Records from a data collection
------------------------------

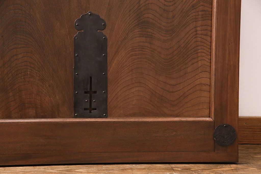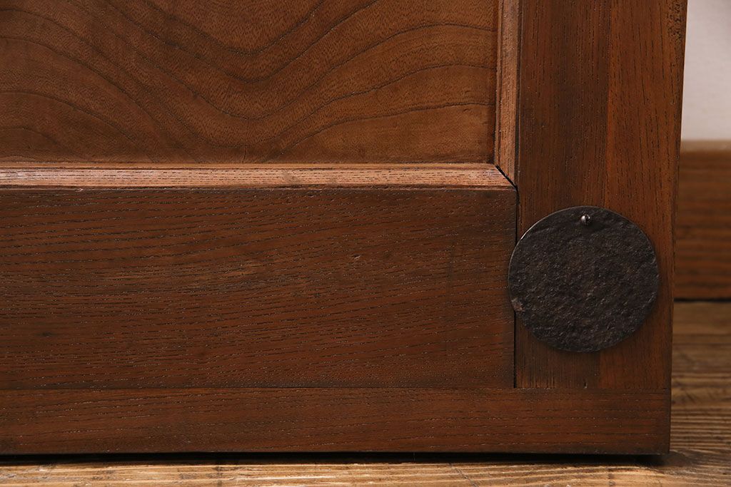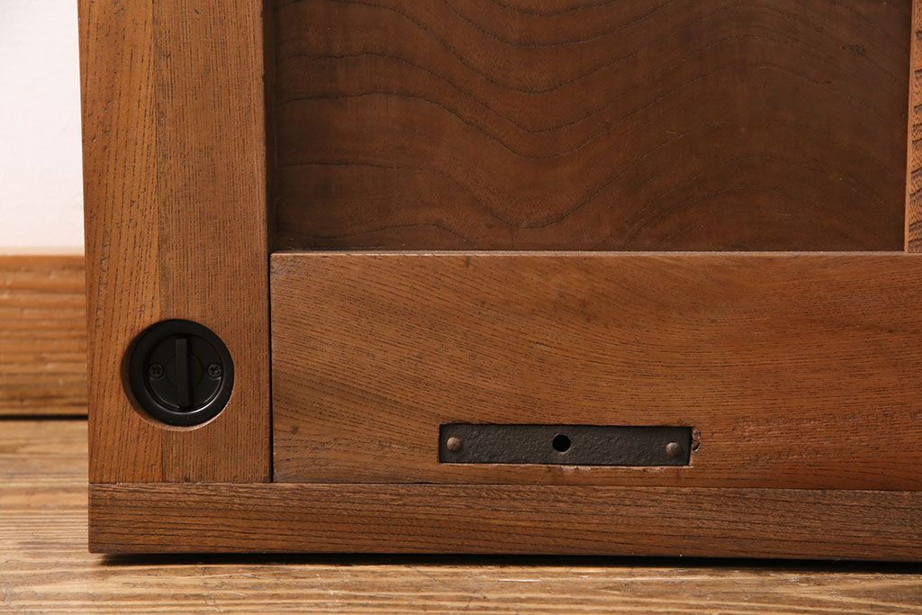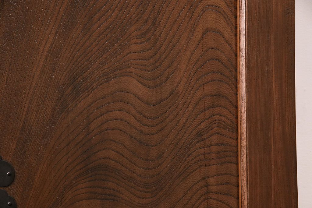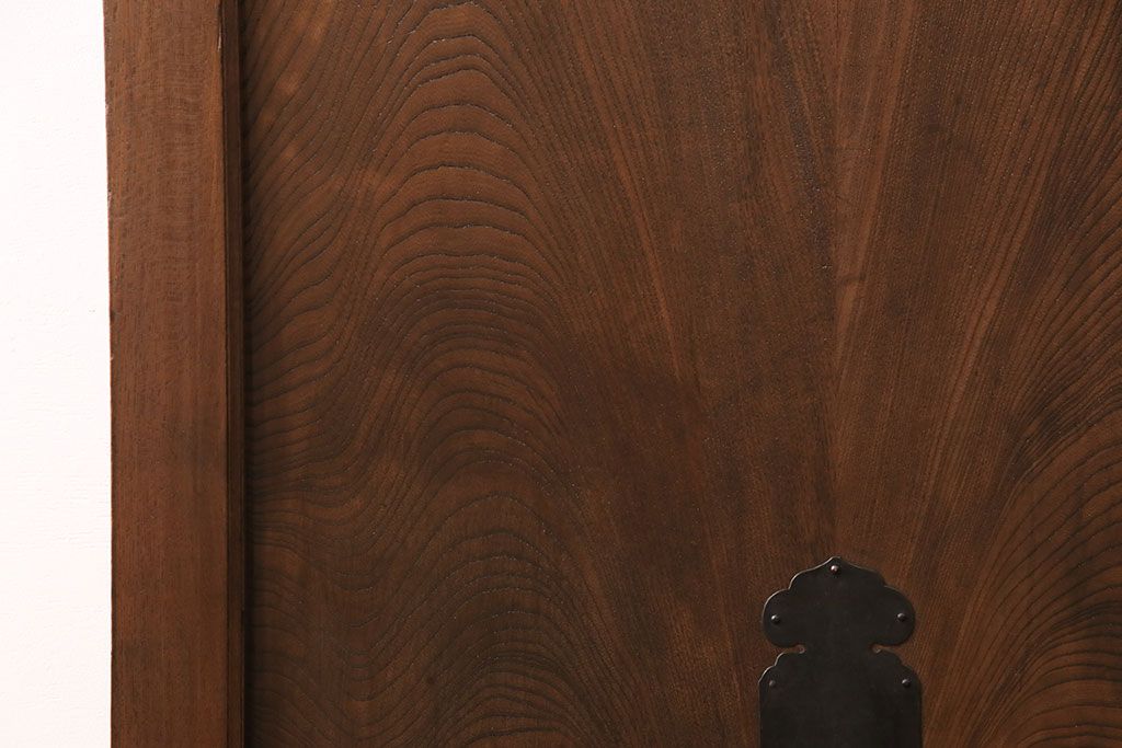 ドア・建具> 蔵戸 > 昭和初期の蔵戸をリペア&カスタム!設置場所に合わせてリサイズ。格子裏にクリアガラスを組み入れ。濃い茶色で着色し仕上げ。(玄関戸、建具)
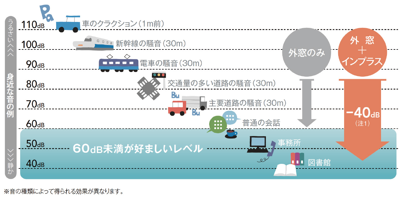外窓とインプラス、その間の窓間の空気層が障壁となり、 高い防音効果を発揮します。外の交通騒音や赤ちゃんの大きな泣き声も 静かな空間へと軽減します。不快感のない静かな住環境を手助けします。
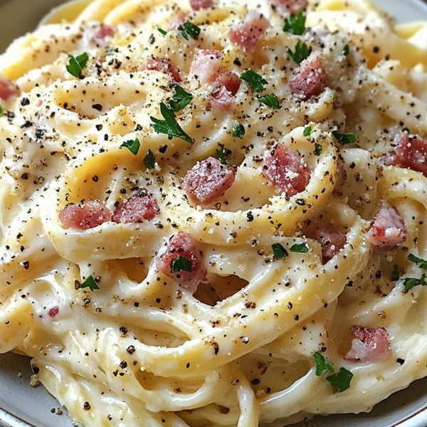 Spaghetti Carbonara cremosa preparacion con tocineta cebolletas yemas crema de nata especies con pan baguete gaseosa o agua
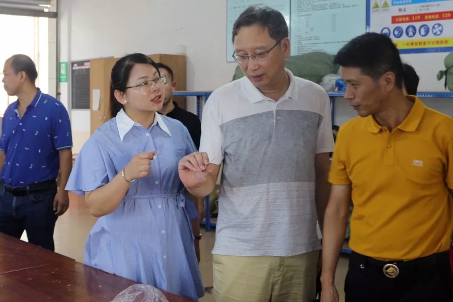 新希望公司總經(jīng)理勞豪帶領(lǐng)相關(guān)人員來到岑溪生產(chǎn)基地的車間,對產(chǎn)品的各項生產(chǎn)流程,管理進一步了解,特別是質(zhì)量把控等環(huán)節(jié)。原材料的來源等渠道,成品倉庫的管理等工作做了詳細的詢問及指導(dǎo)。
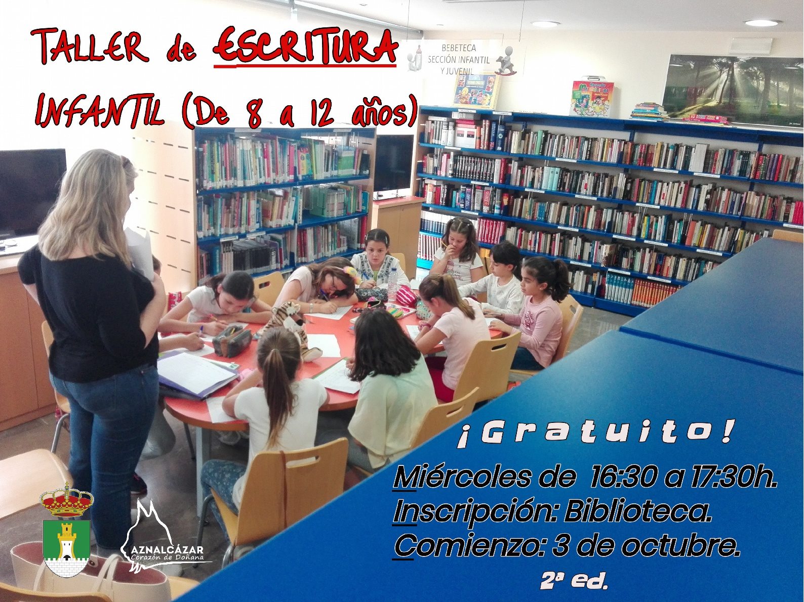 La Delegación de Cultura del Ayuntamiento de Aznalcázar oferta esta actividad, en la que los más pequeños aprenden habilidades básicas para una expresión escrita correcta, técnicas para la narración, se mejora la ortografía, entran en contacto con el mundo de los libros, crean cuentos, escriben poesías, editan un periódico, etc.
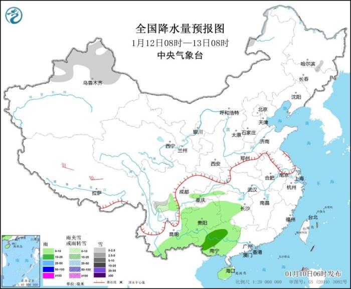 1月12日08時至13日08時,新疆北疆北部、川西高原南部等地部分地區(qū)有小雪或雨夾雪。四川盆地南部、湖南西部、貴州、云南東部和南部、廣西、海南島等地部分地區(qū)有小到中雨。西藏中部部分地區(qū)有5~6級風;南海東部和西南部等海域有6~7級風、陣風8級。
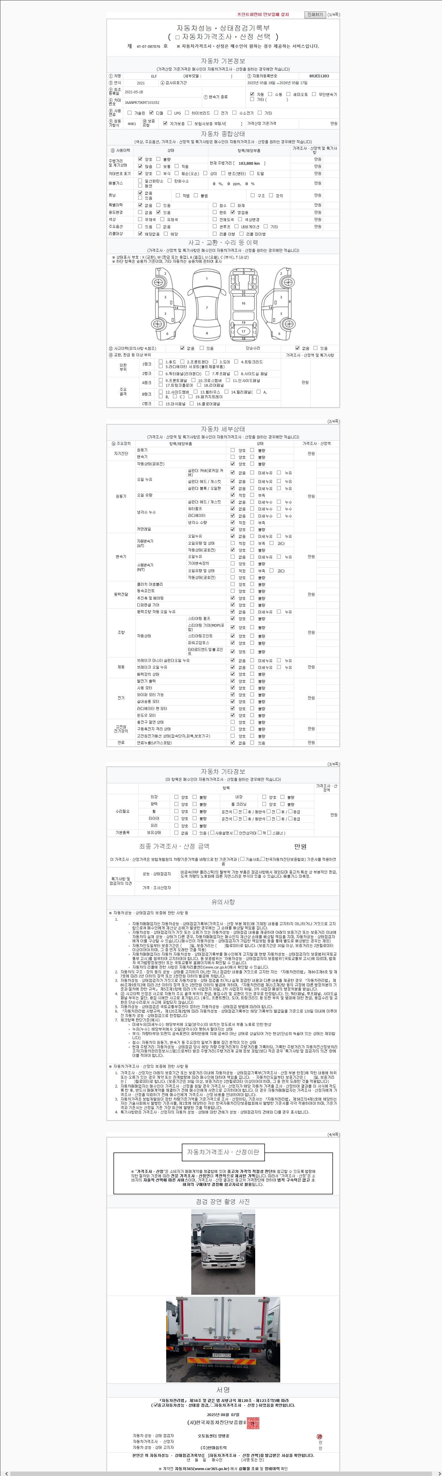 2. 차량 등록증이나 성능점검지 등을 상담자에게 요청및 확인하시고 사전에 미리 점검 하시기를 권유드립니다.
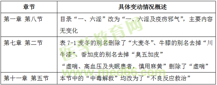 1、《中藥學專業(yè)知識(一)》教材具體變化情況如下:
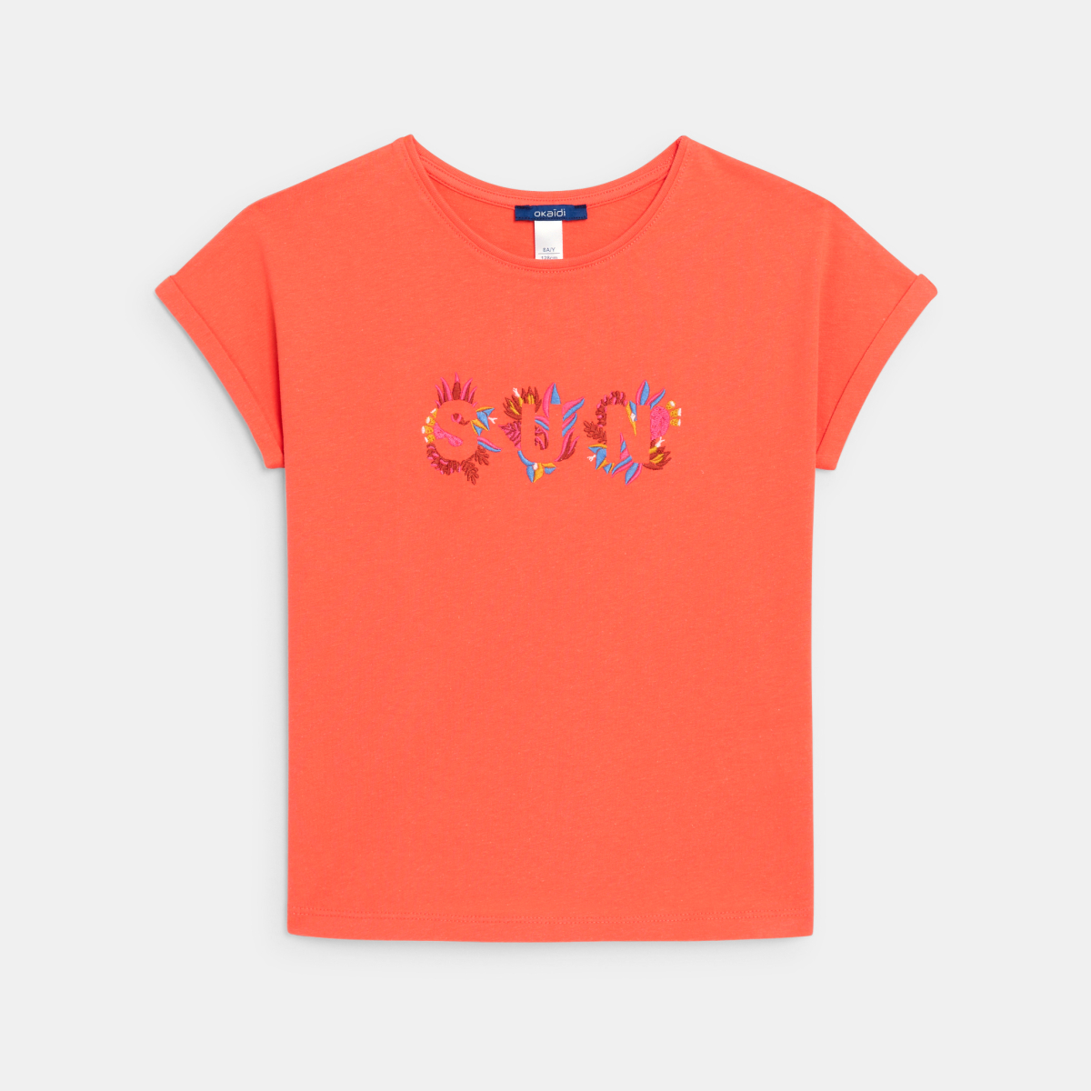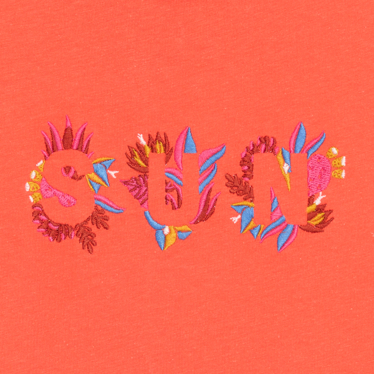 On zoome sur le message SUN brodé devant : magnifique, il personnalise ce t-shirt spécial beaux jours ! Jersey doux. Coupe droite. Col rond. Manches courtes. Dos uni. Base droite. Coutures ton sur ton.

------------------------------

- _Your goal_
From the opening line of the entries, copy each line exactly until the line with "Spaghetti Carbonara cremosa", which is copied as well; leave out pictures.

- _Written solution_
 ドア・建具> 蔵戸 > 昭和初期の蔵戸をリペア&カスタム!設置場所に合わせてリサイズ。格子裏にクリアガラスを組み入れ。濃い茶色で着色し仕上げ。(玄関戸、建具)
外窓とインプラス、その間の窓間の空気層が障壁となり、 高い防音効果を発揮します。外の交通騒音や赤ちゃんの大きな泣き声も 静かな空間へと軽減します。不快感のない静かな住環境を手助けします。
 Spaghetti Carbonara cremosa preparacion con tocineta cebolletas yemas crema de nata especies con pan baguete gaseosa o agua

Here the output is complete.